Despite its inclusion on every “must do” list, the café has remained a favorite for locals. “Oh, I love Napoleon House!” is what pretty much any resident will say if you ask them to meet there. Because locals fall under its spell, too. As the afternoon wanes, anyone is liable to cast a spell of romance in the placid dining rooms and courtyard. That coat rack in the corner, the items hanging from it. Who left that umbrella? How many decades since it’s been touched? Then a waiter coming on to his shift nabs his black half-apron from one of the hooks. Oh right, it’s simply where the staff keeps their stuff. That is not William Faulkner’s umbrella.

Is it the spell of Nicolas Girod and his crazy scheme to spring Napoleon from a remote volcanic island with the help of a pirate captain? Maybe he imbued the place with a determined restlessness, the energy that a fallen French emperor was meant to dwell here—even if he never did.

A woman I recognize sits at a corner table with a man. She has big glasses and a sweep of highlighted hair. She is a well-known writer. Sal gives me his tour, and upon return she is still there, seated. Lenny the white-haired bartender now sits across from her, with the drawer from his register, counting the till. It’s the kind of intimate moment only an interloper would find meaningful and fascinating. Sal, I think, catches me staring. “You must hear from people all the time who’ve been inspired by this place?” I make another stab at drama, “Who’ve left interesting things written on napkins, or written songs here?”

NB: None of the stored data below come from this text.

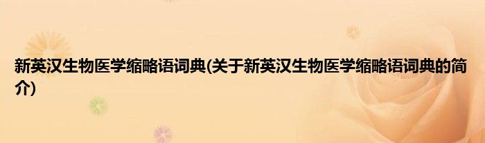 本文关于新英汉生物医学缩略语词典的简介就讲解完毕,希望对大家有所帮助。
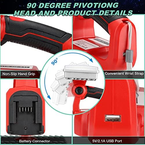 Dank des drehbaren Lampenkopfs (von 90 bis 180 Grad) können Sie das Licht genau dorthin lenken, wo Sie es benötigen. Diese Flexibilität ermöglicht es Ihnen, Ihre Arbeitsfläche optimal auszuleuchten und sorgt für eine angenehme Arbeitsatmosphäre. Die praktische Trageschlaufe macht den Transport der Lampe einfach und bequem – ideal für Handwerker, Bauprojekte oder allgemeine Outdoor-Aktivitäten.
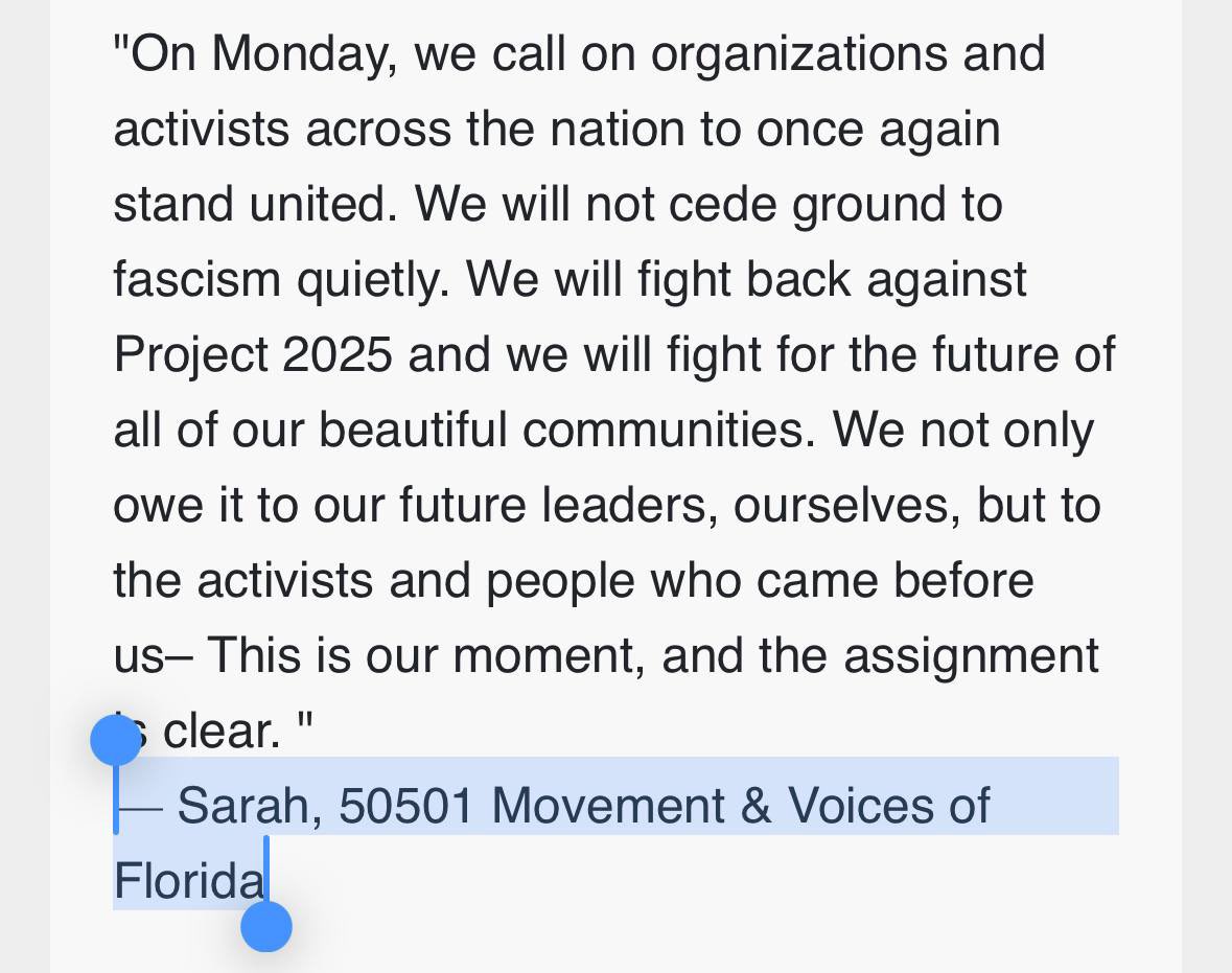 The other press contact listed for 50501 is Sarah P., who works with an organization called “Voices of Florida”.
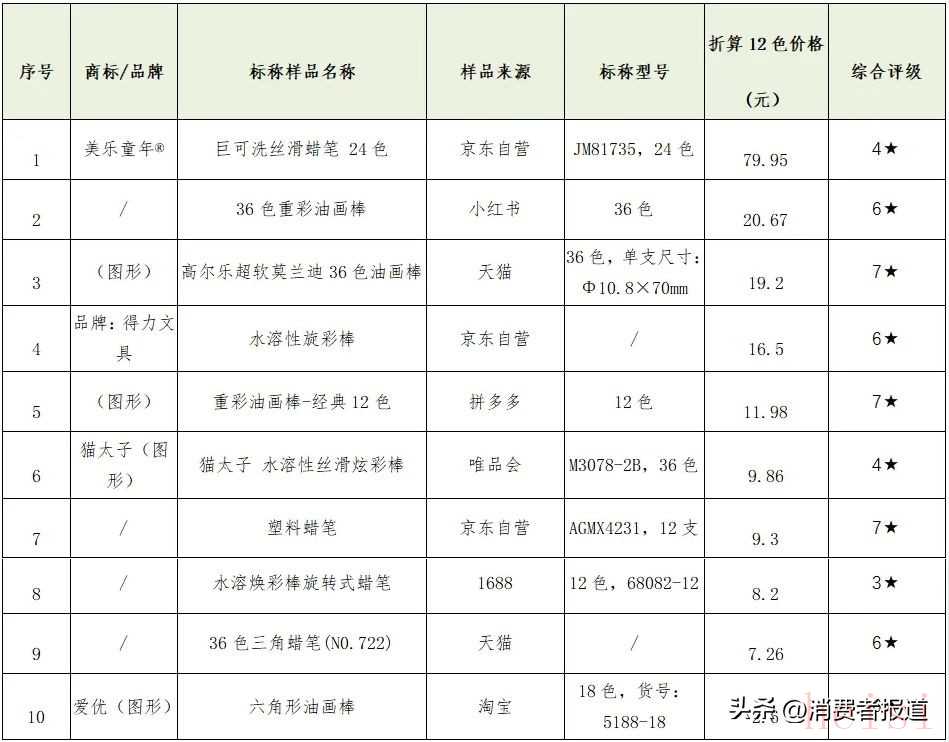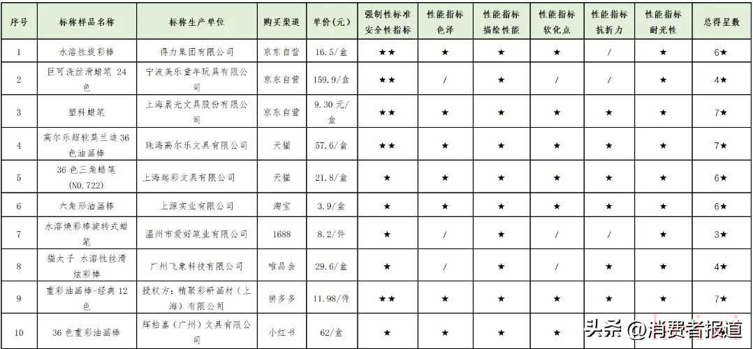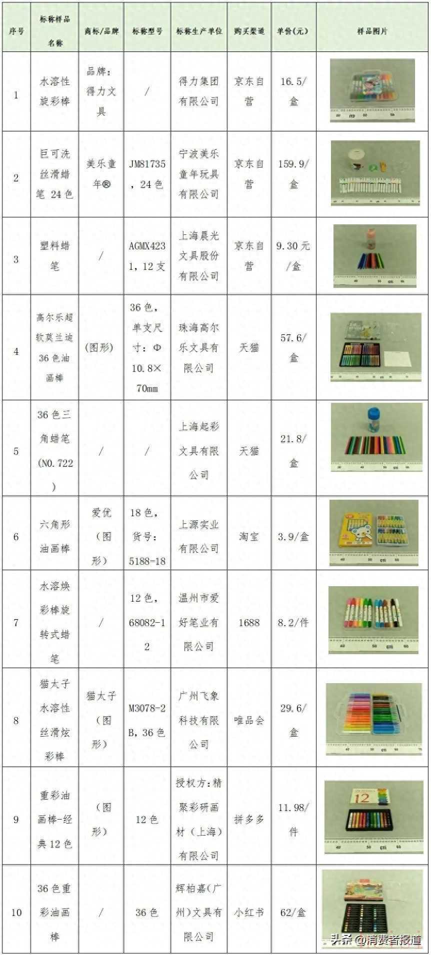 近日,青海省消費(fèi)者協(xié)會(huì)針對(duì)市場(chǎng)上銷售的10款蠟筆進(jìn)行了比較試驗(yàn),旨在為消費(fèi)者提供選購(gòu)參考。以下是試驗(yàn)報(bào)告的主要內(nèi)容:
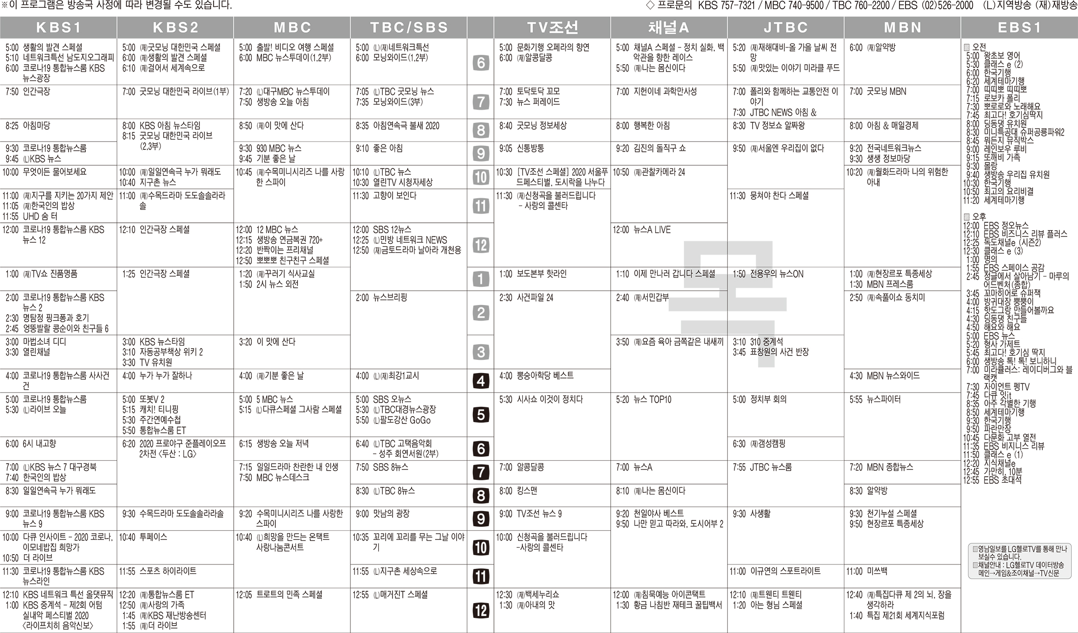 11월5일 TV 편성표

Sal opens a dusty cabinet, roots through some old receipts and pamphlets stacked inside. He comes to a drawing, not a great one, of some tables and chairs. He squints at it, flips it over. I’m sure he’s about to utter a name I’ve seen on book jackets or see on art museum walls.

“No, that’s not it.” He puts it back with the scraps. “There’s something interesting here, but I can’t find it.”